Philadelphia’s Jewelers Row Merchants Fight to Save Their Famed Street

Some worry the proposed apartment complex may be a done deal

Merchants on Philadelphia’s Jewelers Row are now talking with local developers about maintaining the character of their district, but some fear that the proposed apartment complex will permanently change the area.  

“They say they want to put jewelry stores back into the five storefronts,” says Hy Goldberg, president of the Jewelers Row Association. “It’s not like they want to put a CVS or something in there. But the bad news is that there are many jewelers who will have to relocate.”

He says his group is still exploring its options.

“Everyone has been kept in the dark,” he says. “We don’t know if this a fait accompli or if we will have to seek middle ground and maintain the integrity of a truly historic area. We are working with the local preservation alliance to stop this. Right now it looks like the developers are holding all the cards. But nobody knows for sure.”

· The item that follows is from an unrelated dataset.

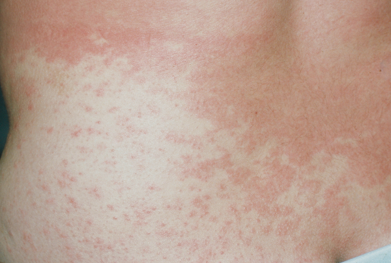 Il s'agit d’une éruption urticarienne dans le cadre d’une hypersensibilité à un médicament. Si les éruptions urticariennes et les exanthèmes sont les principales manifestations, il existe beaucoup d’autres présentations cliniques de l’hypersensibilité aux médicaments. Le terme d’hypersensibilité aux médicaments recouvre l’ensemble des réactions cutanées et/ou systémiques induites par la prise d’un médicament, qu’elles soient allergiques ou non. Il s’agit d’un motif de consultation fréquent en médecine générale, que ce soit le cas d’un patient qui appelle pour une urticaire généralisée avec œdème du visage à la suite de la prise d’amoxicilline ou, cas encore trop fréquent, du carnet de santé d’un enfant ou du dossier clinique d’un patient adulte où est noté "allergie à l’iode, à l’aspirine et à la pénicilline". L’hypersensibilité aux médicaments est fréquente mais exceptionnellement sévère et elle n’est allergique que dans 10 % des cas. C’est la raison pour laquelle devant une réaction d’allure allergique à un médicament il ne faut pas porter le diagnostic d’ "allergie" (qui fait peur aux patients et aux médecins) mais celui d’ "hypersensibilité". C’est bien le terme "hypersensibilité à…" qu’il faut noter sur le carnet de santé et dans le dossier et pas "allergie à…". Pour en savoir plus :- Nicolas JF, Vial T, Dubois JP. Hypersensibilité aux médicaments. Rev Prat 2015;65(1):967-8. - Amsler E, Aractingi S, Soria A. Hypersensibilités et allergies. Rev Prat 2015;65(1):121-38

A spokesman for Toll Brothers, the company that plans to build a luxury apartment complex on the street, tells JCK that it “plans to engage the local community” throughout the building process.

“We are committed to delivering a residential building that is respectful of the history of Jewelers Row while rejuvenating it for the future,” says marketing director Michael J. Duff. “Although we are still considering our prospective development plans for this project, we intend, through contextual architectural design, for the existing cornice line of Sansom Street to remain intact while retaining retail space along the street level for jewelry stores to preserve the iconic Jewelers Row streetscape.”

One resident who is in danger of having to move, Frank Schaffer, head of FGS Gems, calls the prospect of relocating a “nightmare.”

“Will it change the street? Absolutely. Will it change business on the street? Absolutely.”

He hopes to rally fellow residents against the plan but says some are just apathetic and hope to close up shop regardless.

“A lot of people feel this is inevitable,” Schaffer says. “There are options to fight this that have been successful in the past, but if there is not enough support there is nothing we can do. It shows the state of the industry.” 

Philadelphia’s Jewelers Row is considered the oldest diamond district in the United States, dating from the 1800s. It is also considered America’s second biggest diamond district, after New York City’s.